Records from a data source
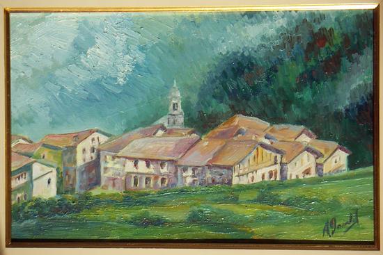 Kuadro honekin sorpresia hartu neban. Tio Inaziori galdetu netsan ia aittan kuadrorik ete zekan, eta han ibilli giñan amamanekuak eta beriak ikusten... eta halako baten, hau. Zihero ahaztuta nekan. 80 hamarkada hasierakua da, ni txikixa nintzanekua. Ez dakitt zergaittik (oporrak izango ziran edo), baiña ni han bueltaka ibilli nintzan denpora guztian, eta prozeso luzia gogoratzen dot: aitta maldiziñoka, koloriekin-edo burruketan... lehelengo planoko potiñorrekin be buruhaustiak izan zittuan, gizona etxakon bere gustora urtetzen edo... Asko poztu nintzan kuadrua berraurkitzian.
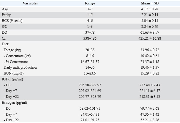 Open Vet. J.. 2025; 15(7): 2982-2992 Open Veterinary Journal, (2025), Vol. 15(7): 2982-2992 Research Article Effects of concentrate intake on blood urea nitrogen, estrogen, and IGF-1 levels in relation to pregnancy status and milk yield in smallholder dairy cowsSuzanita Utama1, Fachruddin Aziz2, Syaiful Rizal3, Sri Mulyati1, Imam Mustofa1*, Aswin Rafif Khairullah4, Tita Damayanti Lestari1, Riza Zainuddin Ahmad4, Latifah Latifah5, Adeyinka Oye Akintunde6, Lili Anggraini5, Ertika Fitri Lisnanti7, Chairdin Dwi Nugraha5 and Arif Nur Muhammad Ansori8,9,101Division of Veterinary Reproduction, Faculty of Veterinary Medicine, Universitas Airlangga, Surabaya, Indonesia 2Master Program of Reproductive Biology, Faculty of Veterinary Medicine, Universitas Airlangga, Surabaya, Indonesia 3Research Center for Applied Zoology, National Research and Innovation Agency (BRIN), Bogor, Indonesia 4Research Center for Veterinary Science, National Research and Innovation Agency (BRIN), Bogor, Indonesia 5Research Center for Animal Husbandry, National Research and Innovation Agency (BRIN), Bogor, Indonesia 6Department of Agriculture and Industrial Technology, Babcock University, Ilishan Remo, Nigeria 7Program of Animal Husbandry, Faculty of Agriculture, Universitas Islam Kadiri, Kediri, Indonesia 8Postgraduate School, Universitas Airlangga, Surabaya, Indonesia 9Uttaranchal Institute of Pharmaceutical Sciences, Uttaranchal University, Dehradun, India 10Medical Biotechnology Research Group, Virtual Research Center for Bioinformatics and Biotechnology, Surabaya, Indonesia *Corresponding Author: Imam Mustofa. Division of Veterinary Reproduction, Faculty of Veterinary Medicine, Universitas Airlangga, Surabaya, Indonesia. Email: imam.mustofa [at] fkh.unair.ac.id Submitted: 07/02/2025 Revised: 15/06/2025 Accepted: 19/06/2025 Published: 31/07/2025 © 2025 Open Veterinary Journal
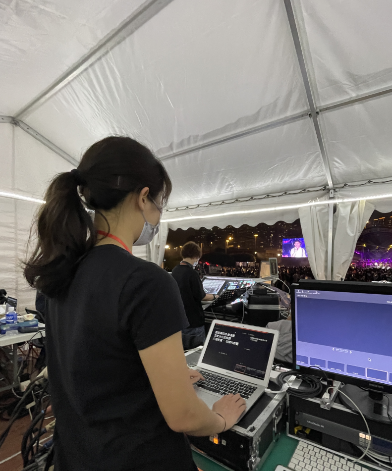 比較深刻的實習經歷是參與 RubberBand 在西九新戶外場地竹翠公園的演唱會,演出前落大雨,預備多充足也好,有突發都要執生。記得第一日完場後,導演覺得添加歌詞字幕會更好,我們幾個一起實習的同學就通宵製作,當日下雨好凍,我們凍到手腳都快要失去知覺。但是,第二日觀眾跟著字幕高歌,氣氛更熱烈時,我們即刻覺得很值得,而且和同事共患難,越辛苦回憶越深刻。
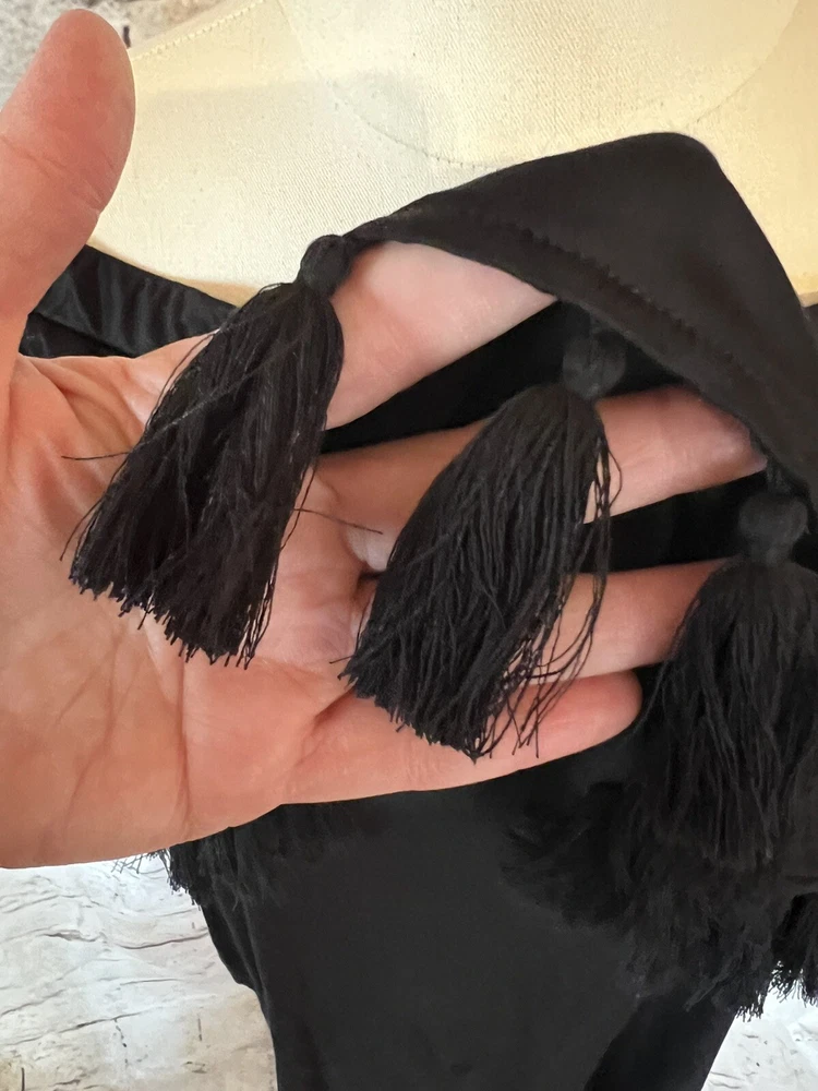 Elevate your wardrobe with this stunning sleeveless blouse from White House Black Market. The black fringe accents on the round neckline add a touch of unique style that's sure to turn heads. This blouse is made from a blend of polyester and rayon, with a focus on comfort and durability. It's perfect for any occasion, whether you're dressing up for a night out or keeping it casual during the day. The size medium fit is ideal for regular size types, and the rayon fabric type adds an extra layer of softness to the blouse. Don't miss out on this must-have addition to your wardrobe!
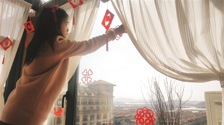 “我小时候觉得过年有意思,但是现在年味越来越淡,所以想在家里布置,增加点年味。”董妈妈说,贴上自己写的春联和剪好的窗花,在阳台上挂好福灯,家里变得红红火火,年味也一点点浓郁了起来。
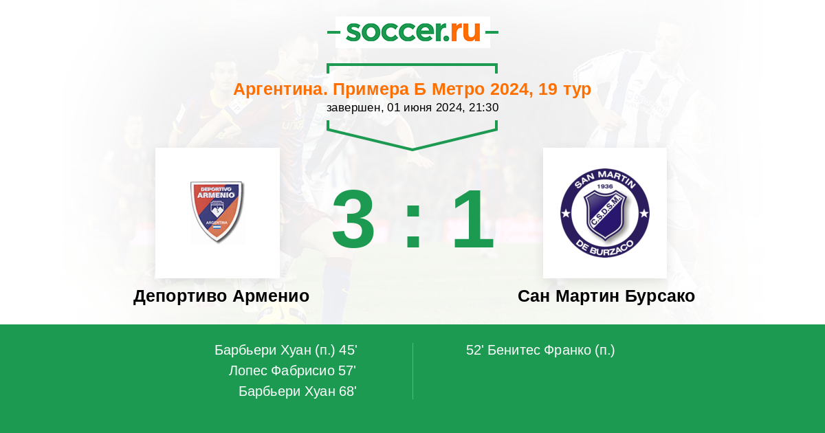 Протокол матча Депортиво Арменио против Сан Мартин Бурсако
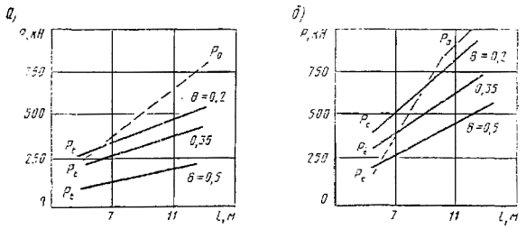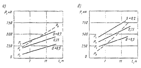 Рис. 5. Несущая способность деревянных свай d=28 см (а) и d=40 см (б) в сухих суглинках с различными коэффициентами консистенции В
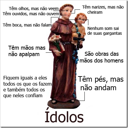 Os ídolos deles são prata e ouro, obra das mãos do homem. Têm boca, mas não falam; têm olhos, mas não vêem; têm ouvidos, mas não ouvem; têm nariz, mas não cheiram; têm mãos, mas não apalpam; têm pés, mas não andam; nem som algum sai da sua garganta. Semelhantes a eles sejam os que fazem, e todos os que neles confiam.
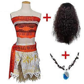 Adult Kids Princess Vaiana Moana Costume Dresses with Necklace Wig Women Girls Halloween Party Moana Dress Costumes Cosplay

> **What is needed**:
From the line containing "Протокол матча Депортиво" through the end of the entries, quote each line exactly and nothing else, excluding all pictures.

> **Solution to this problem**:
 Протокол матча Депортиво Арменио против Сан Мартин Бурсако
 Рис. 5. Несущая способность деревянных свай d=28 см (а) и d=40 см (б) в сухих суглинках с различными коэффициентами консистенции В
 Os ídolos deles são prata e ouro, obra das mãos do homem. Têm boca, mas não falam; têm olhos, mas não vêem; têm ouvidos, mas não ouvem; têm nariz, mas não cheiram; têm mãos, mas não apalpam; têm pés, mas não andam; nem som algum sai da sua garganta. Semelhantes a eles sejam os que fazem, e todos os que neles confiam.
 Adult Kids Princess Vaiana Moana Costume Dresses with Necklace Wig Women Girls Halloween Party Moana Dress Costumes Cosplay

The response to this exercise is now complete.